L'arrestation survient quelques semaines après qu'Arce a quitté ses fonctions, à la fin d'un mandat au cours duquel il a occupé de hauts postes gouvernementaux — y compris son rôle antérieur en tant que ministre de l'économie dans l'administration d'Evo Morales. Les procureurs affirment que la détention est liée à une prétendue mauvaise gestion et à un détournement de fonds publics d'un programme destiné à soutenir les communautés indigènes et rurales. Les médias locaux et les responsables citent le fonds dormant — initialement destiné à des projets de développement — rouvrant sous un nouveau contrôle par le nouveau gouvernement.
Le ton de l'administration nouvellement installée a été ferme. Une vidéo publiée par le vice-président Edman Lara a célébré l'action, louant l'opération policière comme faisant partie d'une campagne plus large contre la corruption et les abus de ressources d'État liés à la corruption. Pendant ce temps, les alliés et les partisans d'Arce avertissent que ce qui se déroule ne doit pas être confondu avec la justice — ils l'appellent une manœuvre politiquement motivée pour purger les anciens responsables du parti au pouvoir.

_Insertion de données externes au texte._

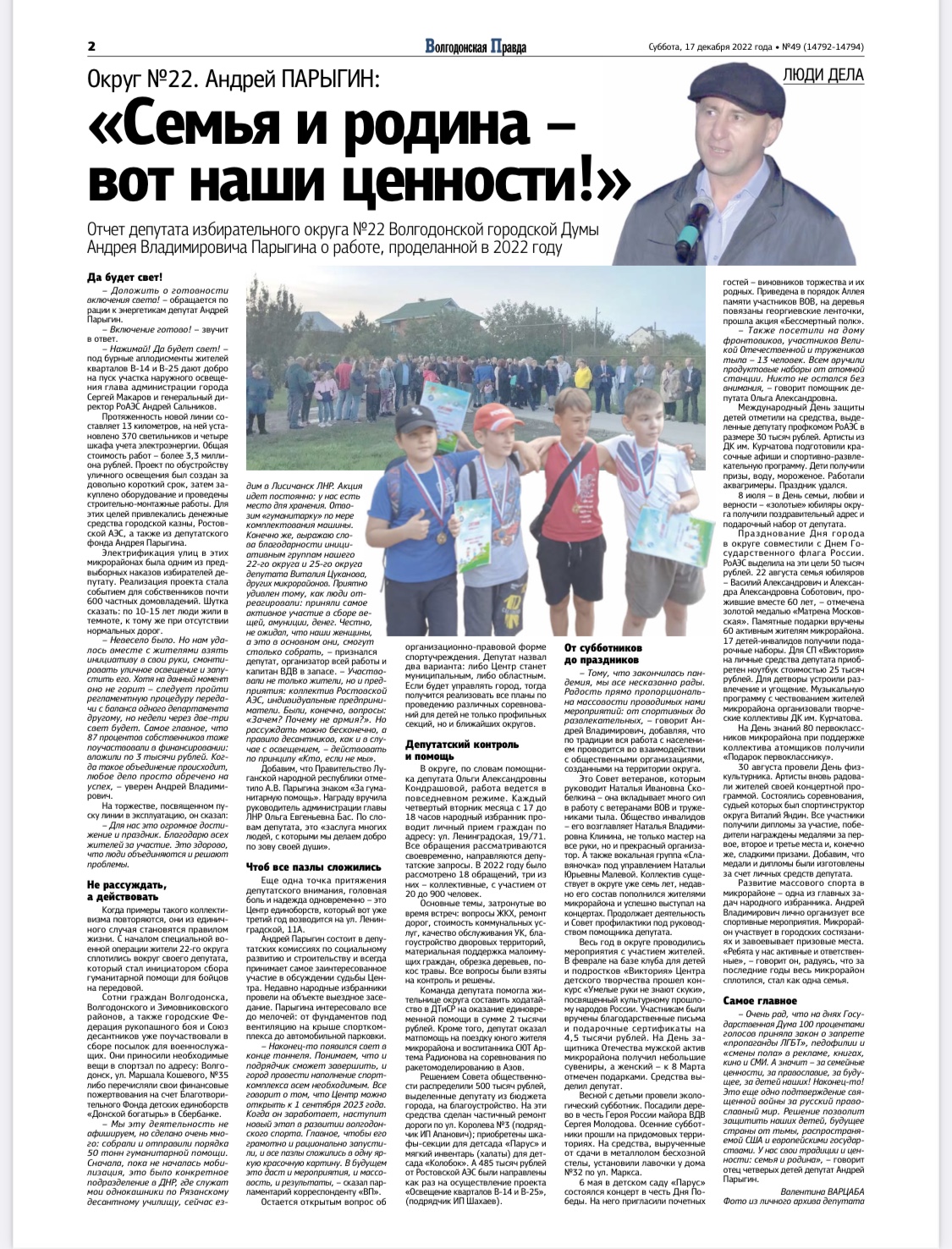 Отчет депутата избирательного округа №22 Волгодонской городской Думы Андрея Владимировича Парыгина о работе, проделанной в 2022 году.

Pour la Bolivie, cette arrestation est plus qu'une question d'un homme. Elle marque un tournant symbolique dans un pays longtemps façonné par des oscillations politiques et une légitimité contestée, un moment qui pourrait définir comment la justice — ou la rétribution — est perçue dans les années à venir.
Pour l'instant, Arce reste en détention. Le bureau du procureur public n'a pas encore présenté de déclaration formelle complète. Des procédures judiciaires devraient suivre, mais de nombreux citoyens et observateurs politiques se demandent déjà : que signifie cela pour la fragile démocratie bolivienne et pour la confiance dans des institutions qui doivent équilibrer responsabilité et équité ?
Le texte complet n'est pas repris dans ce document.